All Lu-Hf analyses were made in the Isotope Geochemistry Laboratory at Ouro Preto Federal University. Zircon Lu-Hf analyses were made at the same points dated by U-Pb. A Photon-Machine Laser Ablation system (ArF excimer laser 193 nm) coupled to a Neptune MC-ICP-MS was used to measure the Lu, Yb, and Hf isotopic signatures of the zircons. BB (Supplementary Material SA), Gj1 (Supplementary Material SB), and Plesovice (Supplementary Material SC) were the standards used in the Hf analyses.
The following calculations were applied to Lu-Hf analyses: 176Yb/177Hf = (176Yb/173Yb) true × (173Yb/177Hf) meas × (M173(Yb)/M177(Hf))b(Hf), b(Hf) = ln(179Hf/177Hf true/179Hf/177Hf measured)/ln (M179(Hf)/M177(Hf)), M = mass of respective isotope. The 176Lu/177Hf were calculated in a similar way by using the 175Lu/177Hf and b(Yb). The mean Hf signal is in volts. Uncertainties are quadratic additions of the within-run precision and the daily reproducibility of the 40ppb-JMC475 solution. Uncertainties for the JMC475 are quoted at 2SD (2 standard deviations).
The 176Hf/177Hf initial ratios and ƐHf were calculated using the 207Pb/206Pb apparent age determined by LA-SF-ICP-MS. The CHUR parameters are 176Lu/177Hf = 0.0336 and 176Hf/177Hf = 0.282785 [37]. The 176Lu decay constant is 1.867 × 10–11 year−1 from [38]. The following constants were used to calculate TDM values: avg. MORB [39], BLIC TDM [40], and NC TDM [41].
4. Soarinho Rocks Petrography
4.1. Quartz Syenite
Syenite quartz has a porphyritic texture with a fine- to medium-grained matrix and two types of phenocrysts: rounded orthoclase phenocrysts and plagioclase laths (Figure 3). The matrix consists of quartz, biotite, clinopyroxene, amphibole, opaque minerals (mainly magnetite), titanite, apatite and zircon. Orthoclase is the main mineral, has inclusions of quartz, opaque minerals, and zircon, and makes up about 68% of the modal composition. Plagioclase has compositional zoning as its main characteristic and makes up about 11% of the modal. Quartz is xenomorphic and represents approximately 6% of the modal composition. Biotite often occurs in tabular form and corresponds to 6% of the modal composition. Amphibole (5%) and clinopyroxene (1%) occur in anhedral granular form. Magnetite is xenomorphic and often rounded.
4.2. Monzonite
They are medium- to coarse-grained rocks composed of plagioclase, orthoclase, quartz, clinopyroxene, biotite, amphibole, apatite, opaque minerals (mainly magnetite), and zircon (Figure 4).

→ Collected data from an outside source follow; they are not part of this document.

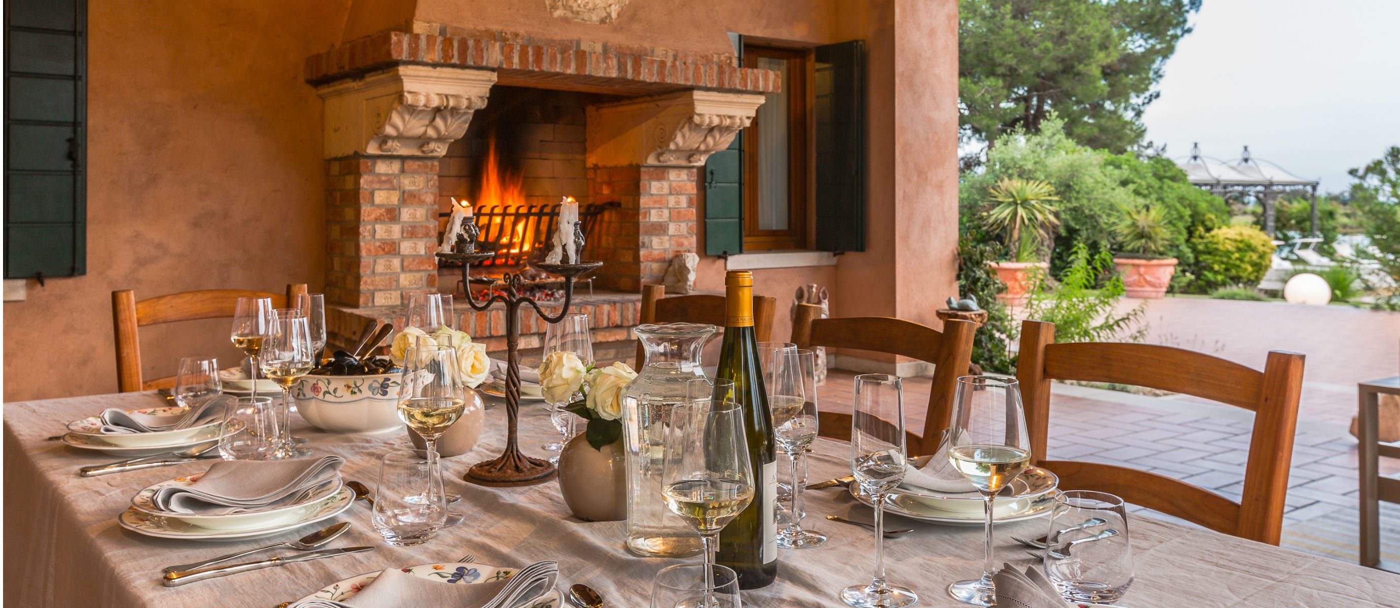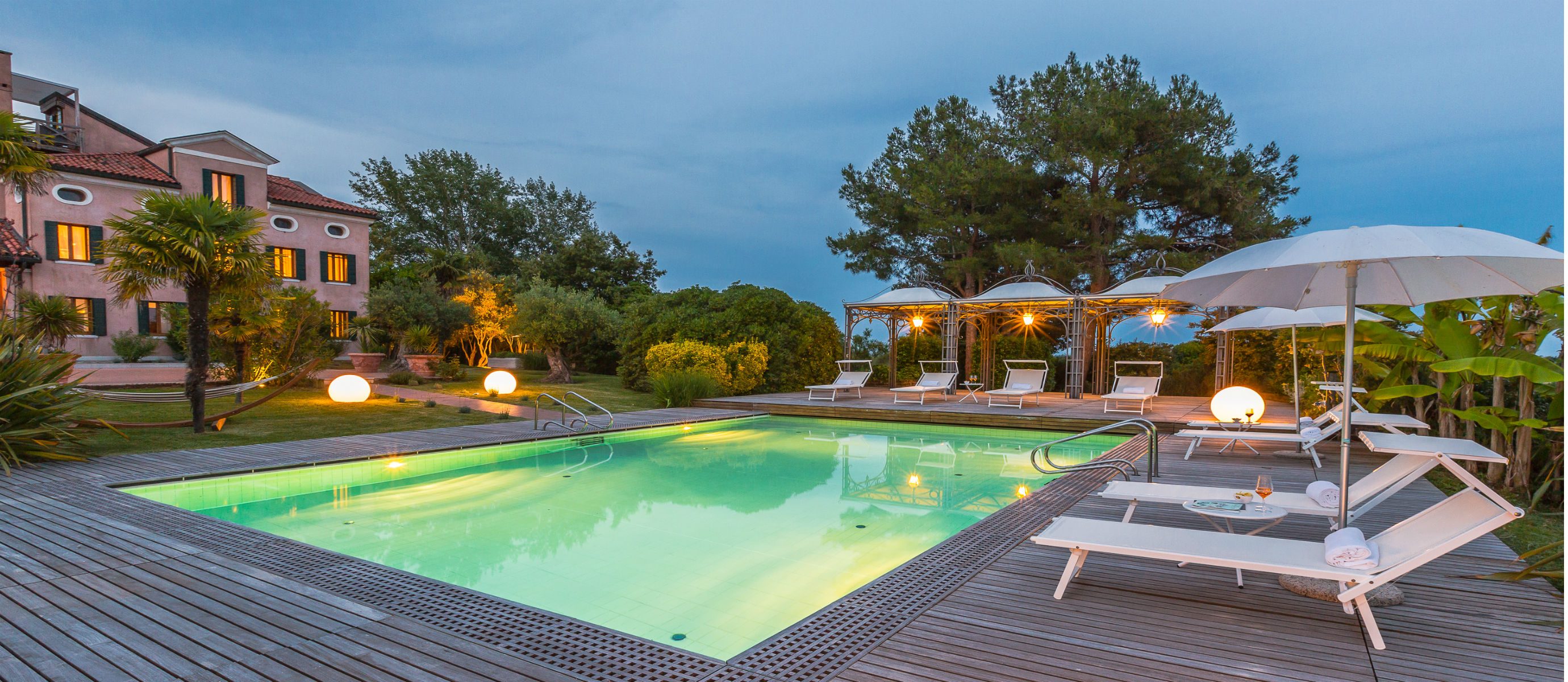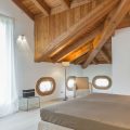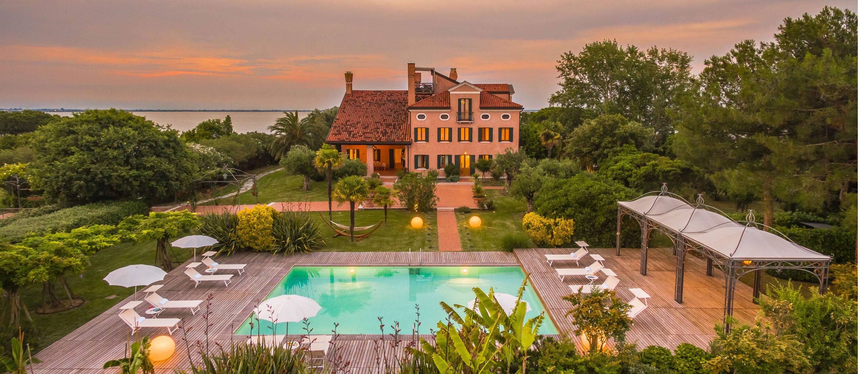 Outside, a spacious terrace is perfect for entertaining, with a large fireplace to set the mood or cook in the open air. A second patio provides a quiet, secluded nook with natural teak dining set, while a typical Venetian rooftop altana offers dramatic views of the lagoon. The villa’s large swimming pool comes complete with stunning teak deck area, gazebo, and lounge chairs.
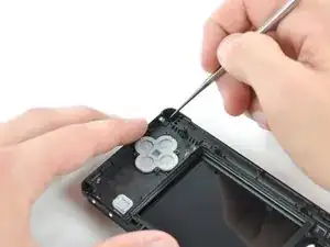 Чтобы уменьшить вероятность их потери во время ремонта, вы можете снять две тонкие прокладки под джойстиком Circle Pad.
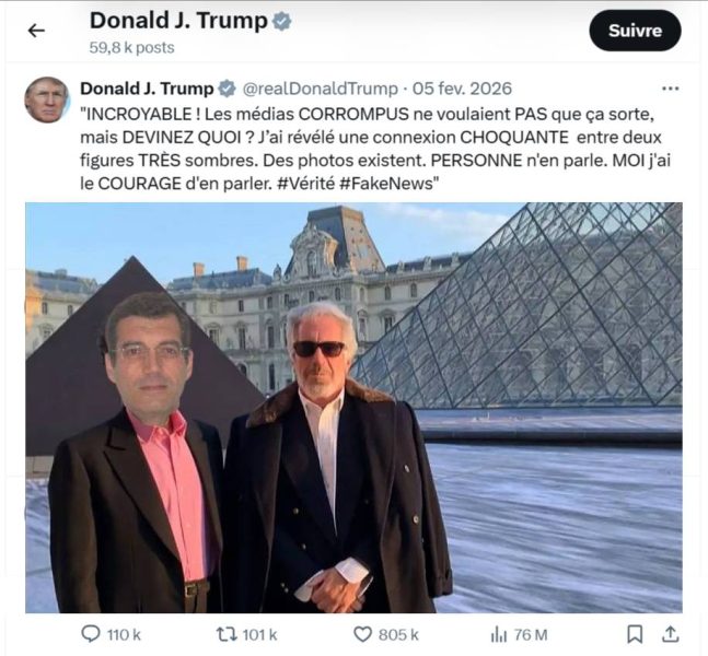 Donald Trump s’est fendu d’un de ses fameux messages sur son réseau “Truth Social” et d’un Tweet : “INCROYABLE ! Les médias CORROMPUS ne voulaient PAS que ça sorte, mais DEVINEZ QUOI ? J’ai révélé une connexion CHOQUANTE entre deux figures TRÈS sombres. Des photos existent. PERSONNE n’en parle. MOI j’ai le COURAGE d’en parler. #Vérité #FakeNews”
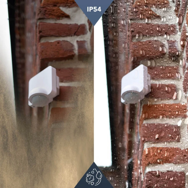Conçu pour une utilisation en intérieur ou en extérieur, ce détecteur IP54 résiste aux projections d’eau et à la poussière du quotidien. Son boîtier en plastique blanc reste discret sur une façade, un porche ou dans un couloir. La fixation multi-position permet une pose murale classique ou en angle grâce au support amovible, pratique quand l’emplacement idéal se trouve dans un coin entrant ou sortant.
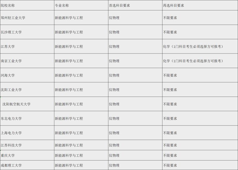 新能源科學(xué)與工程專業(yè)高考報考選考科目要求
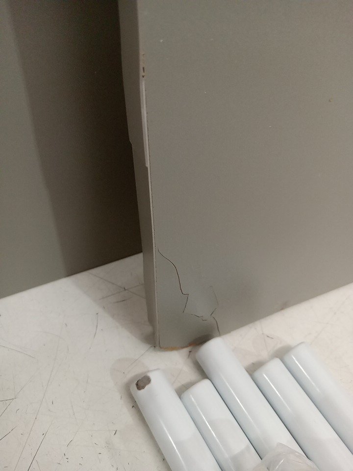 The corner is cracked and the pole is chipped, likely from shipping/handling.
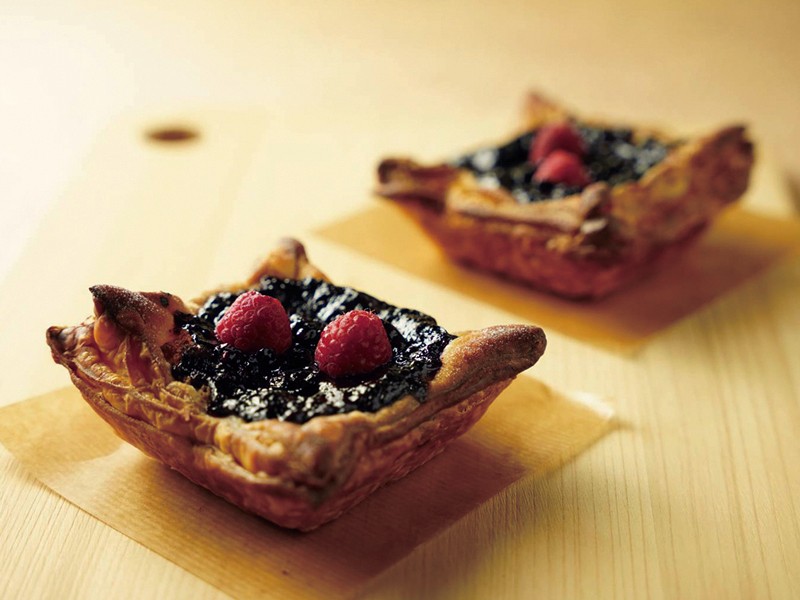 バターの香り漂うパイの上にカステラ生地を置き、その上に「マルベリー」と「ラズベリー」の特製ジャムをのせて焼き上げました。2つのベリーを合わせた特製の自家製ジャムは、ベリーの酸味や香りも良く、パイとの相性はバッチリ! 仕上げに生のラズベリーを2個乗せて、さらに味わいを増しています♪。
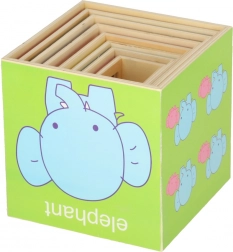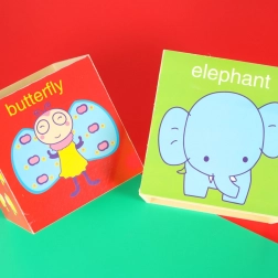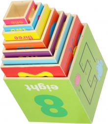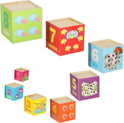 Dziecko nauczy się liczb, liczenia, podstawowych angielskich słówek oraz rozpoznawania popularnych zwierząt z farmy. Jedna strona klocka przedstawia liczbę i jej angielską nazwę, kolejna – odpowiadającą jej liczbę zwierzątek. Następna strona zawiera obrazek zwierzęcia z angielskim podpisem. Nie brakuje też otworów do dopasowywania kształtów, co świetnie ćwiczy precyzję i koordynację ręka–oko.

Plagioclase is the main mineral of the rock; it comes in the form of laths and makes up about 45% of the modal composition. Orthoclase is granular and xenomorphic and corresponds to approximately 35% of the modal composition. The rock’s main mafic mineral is biotite, which is primarily xenomorphic and corresponds to about 12% of the modal composition. Clinopyroxene (augite) is round and granular and makes up about 3% of the modal composition. Amphibole (hornblende) is xenomorphic and is present in about 3% of the rock composition. Quartz has a granophyric texture, which represents only 2% of the modal composition.
4.3. Alkali-Feldspar Syenite
They are equigranular rocks, medium to coarse-grained, and light gray in color (Figure 5). The main mineral is orthoclase, which makes up about 90% of the rock, and has a granular habit and perthitic texture. Amphibole has a granular habit. Opaque minerals are xenomorphic and are associated with amphiboles.
4.4. Alkali-Feldspar Trachyte
Fine-grained, grey to greenish-colored (Figure 6) microporphyritic rocks with phenocrysts of perthitic sanidine occurring as simple twinning lath grains. The matrix presents a typically trachytic texture and consists mainly of feldspar. Biotite is a submillimetric xenomorphic or tabular grain also occurring as clusters of micrograins. Amphiboles appear as micrograins or clumps of micrograins. Opaque minerals have cubic to rounded shapes, forming submillimetric grains.
5. Geochemistry
The geochemical data of the Soarinho complex are presented in Table 1 and Table 2. Analysis was carried out for the following lithotypes: alkali-feldspar syenite (4 samples), quartz syenite (4 samples), monzonite (2 samples), and trachyte (6 samples). Table 3 presents the summary measurements for the main oxides, except for the monzonite samples. Figure 7 presents the linear correlation matrices for the main oxides, except for the monzonite samples. The geochemical classification of the samples is shown in Figure 8. The statistical treatment of the data and the database are available at https://github.com/geoloriato/Complexo-Soarinho.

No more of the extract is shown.